À venir,  l’École de la transition énergétique

Monsieur Leblanc est persuadé qu’il est impératif,  pour que le Québec devienne une puissance mondiale dans le domaine de la batterie, de former adéquatement les personnes.

L’implantation d’une École de la transition énergétique à Bécancour est un exemple de dossier soutenu par le Consortium.  Un plan fonctionnel et technique détaillant le projet a été déposé auprès du ministère de l’Économie,  de l’Innovation et de l’Énergie.  La réponse du gouvernement est attendue pour la fin décembre 2024.  L’école pourrait ouvrir ses portes en 2027.

Selon monsieur Leblanc, le besoin de formation de la main-d’œuvre nécessite vraiment la création d’une école spécialisée dans le domaine : « Une école vue comme un centre d’innovation et de formation.
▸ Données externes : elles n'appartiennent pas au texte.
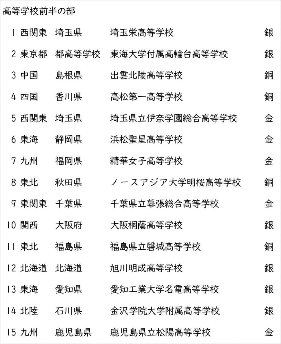 🔴第73回全日本吹奏楽コンクール🔴 🟡高等学校前半の部 審査結果🟡 👑ゴールド金賞👑 👑埼玉県立伊奈学園総合高等学校👑 👑浜松聖星高等学校👑 👑精華女子高等学校👑 👑千葉県立幕張総合高等学校👑 👑鹿児島県立松陽高等学校👑 🥈銀賞🥈 🥈埼玉県埼玉栄高等学校🥈 pic.x.com/JBBj5usvOP x.com/osyhrtllgaszv9…

D’ici 2030,  uniquement à Bécancour,  le besoin passe de 2 500 à 3 000 emplois directs.  Les cégeps et les centres de services scolaires offrent déjà des formations,  mais les besoins sont tels qu’ils dépassent nos capacités d’y répondre.  Qui plus est,  il faudra prévoir de la requalification,  du perfectionnement et de la formation sur mesure. »
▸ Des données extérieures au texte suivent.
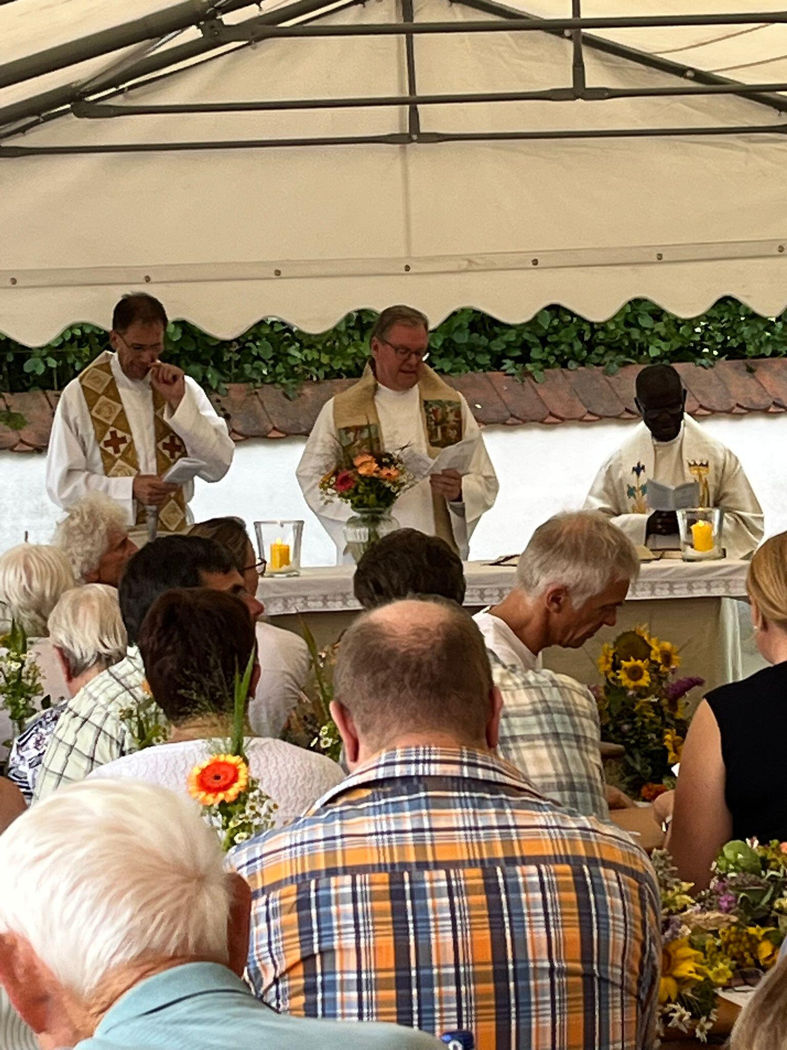 Gebangt hatten sie schon die Bittenbrunner am 15. August, schließlich zogen gerade zu Beginn des Gottesdienstes am frühen Abend dunkle Gewitterwolken über das Zelt im Pfarrgarten. Aber das hielt keinen ab. Zahlreich kamen die Gemeindemitglieder zur Patroziniumsmesse und feierten danach ihr Sommerfest.

« Actuellement, la batterie et la cellule sont à l’agenda.  Mais sous peu,  l’hydrogène vert sera beaucoup à l’avant-plan.  Il faut s’y préparer.  Le succès de ce centre dépendra de son agilité et de sa souplesse pour répondre aux besoins », précise monsieur Leblanc.

L’École de la transition énergétique prévoit la mise en place de programmes interordres (AEP, AEC, certificats, etc.).  Dans le cadre d’une approche intégrée,  les entreprises seront présentes au centre d’innovation et de formation,  notamment pour valider certainsprocessus.  Monsieur Leblanc rappelleque la contribution des entreprises est prévue dans le montage financier : « C’est pour cela que nous attendons une réponse définitive du gouvernement en ayant bon espoir qu’elle sera positive.  » 

Le Consortium Formation Énergie se positionne donc comme un acteur clé de la qualification de la main-d’œuvre actuelle et future. Cette remarquable alliance interordres est propice au développement de nouvelles compétences requises par la transition énergétique. Des compétences qui ne sont pas intégrées aux programmes d’études existants.